- RECORDS PROVIDED -
════════════════════

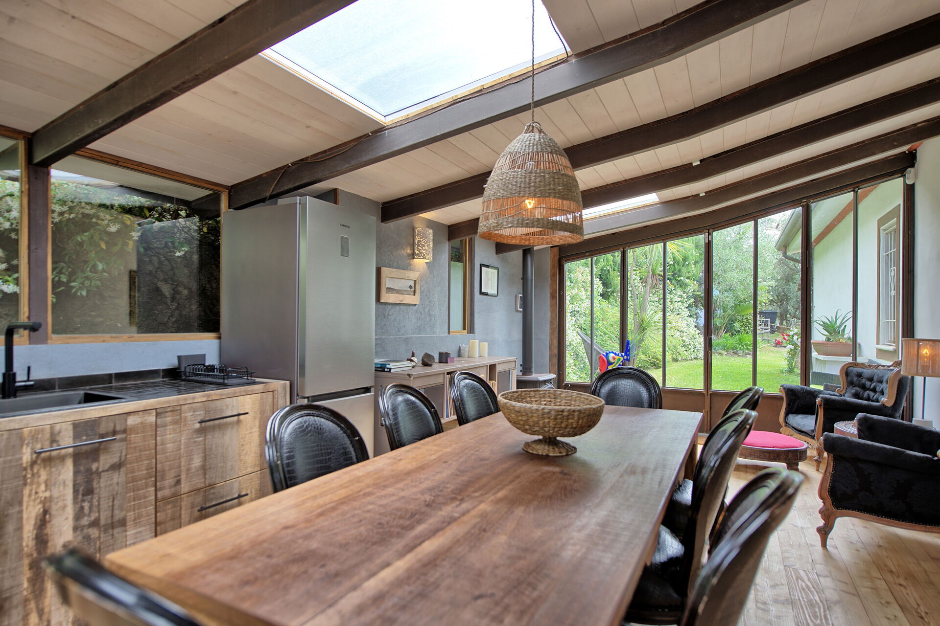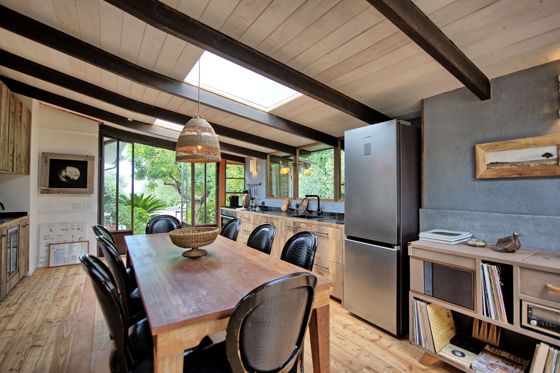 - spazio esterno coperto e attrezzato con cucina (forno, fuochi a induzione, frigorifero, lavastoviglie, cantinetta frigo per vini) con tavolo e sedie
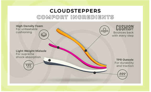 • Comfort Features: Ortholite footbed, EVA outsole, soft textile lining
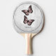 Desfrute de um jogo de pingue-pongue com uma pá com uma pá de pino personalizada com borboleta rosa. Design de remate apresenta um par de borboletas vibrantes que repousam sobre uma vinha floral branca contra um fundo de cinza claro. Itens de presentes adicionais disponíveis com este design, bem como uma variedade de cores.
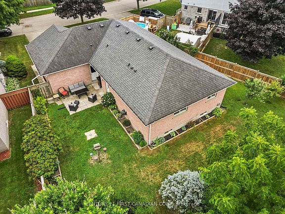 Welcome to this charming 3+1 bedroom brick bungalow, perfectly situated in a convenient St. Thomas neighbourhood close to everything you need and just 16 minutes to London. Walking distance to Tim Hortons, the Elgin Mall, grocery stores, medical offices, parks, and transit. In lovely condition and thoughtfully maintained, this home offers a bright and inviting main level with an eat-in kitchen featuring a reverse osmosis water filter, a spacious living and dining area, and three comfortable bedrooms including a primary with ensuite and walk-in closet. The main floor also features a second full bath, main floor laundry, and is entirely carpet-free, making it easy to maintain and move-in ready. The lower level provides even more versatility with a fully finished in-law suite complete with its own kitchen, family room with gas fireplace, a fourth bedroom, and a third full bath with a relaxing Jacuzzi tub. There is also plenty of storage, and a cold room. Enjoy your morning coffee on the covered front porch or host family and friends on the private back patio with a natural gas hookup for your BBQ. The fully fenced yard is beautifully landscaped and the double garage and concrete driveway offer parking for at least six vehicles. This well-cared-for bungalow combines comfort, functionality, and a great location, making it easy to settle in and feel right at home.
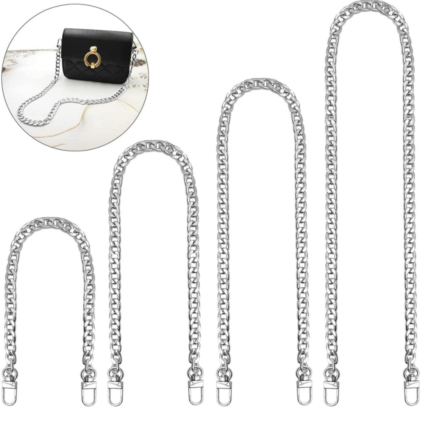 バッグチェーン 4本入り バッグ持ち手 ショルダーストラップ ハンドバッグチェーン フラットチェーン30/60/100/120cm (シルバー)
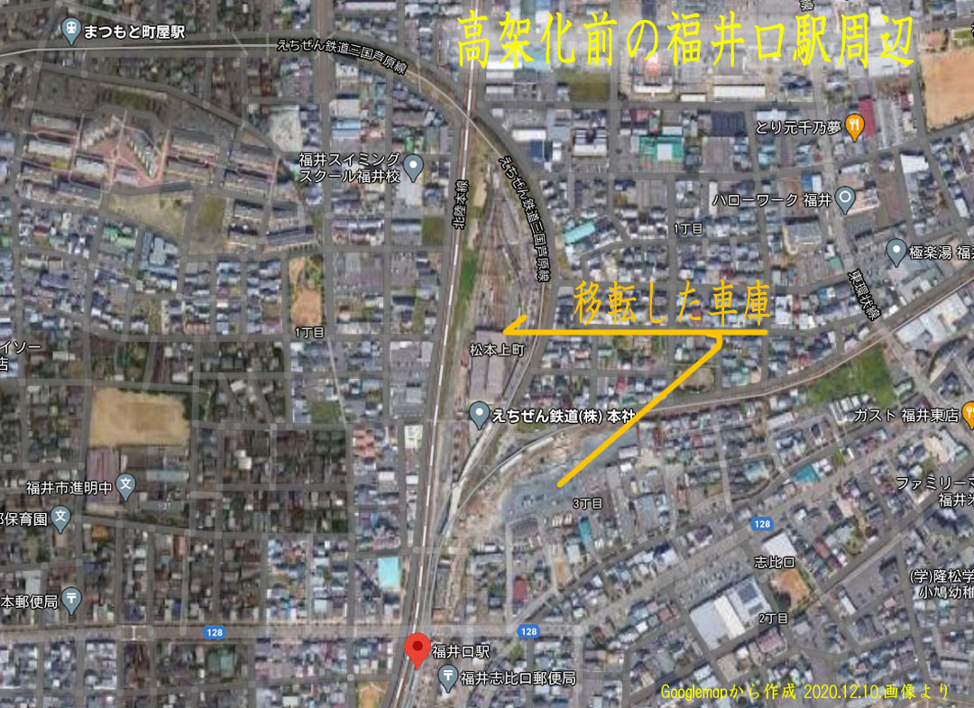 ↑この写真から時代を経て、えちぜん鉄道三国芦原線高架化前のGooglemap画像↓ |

════════════════════

- WHAT IS EXPECTED -
Set down exactly the lines from the start of the records through the line containing "Desfrute de um", both included, and omit the pictures.

- ANSWER SECTION -
 - spazio esterno coperto e attrezzato con cucina (forno, fuochi a induzione, frigorifero, lavastoviglie, cantinetta frigo per vini) con tavolo e sedie
 • Comfort Features: Ortholite footbed, EVA outsole, soft textile lining
 Desfrute de um jogo de pingue-pongue com uma pá com uma pá de pino personalizada com borboleta rosa. Design de remate apresenta um par de borboletas vibrantes que repousam sobre uma vinha floral branca contra um fundo de cinza claro. Itens de presentes adicionais disponíveis com este design, bem como uma variedade de cores.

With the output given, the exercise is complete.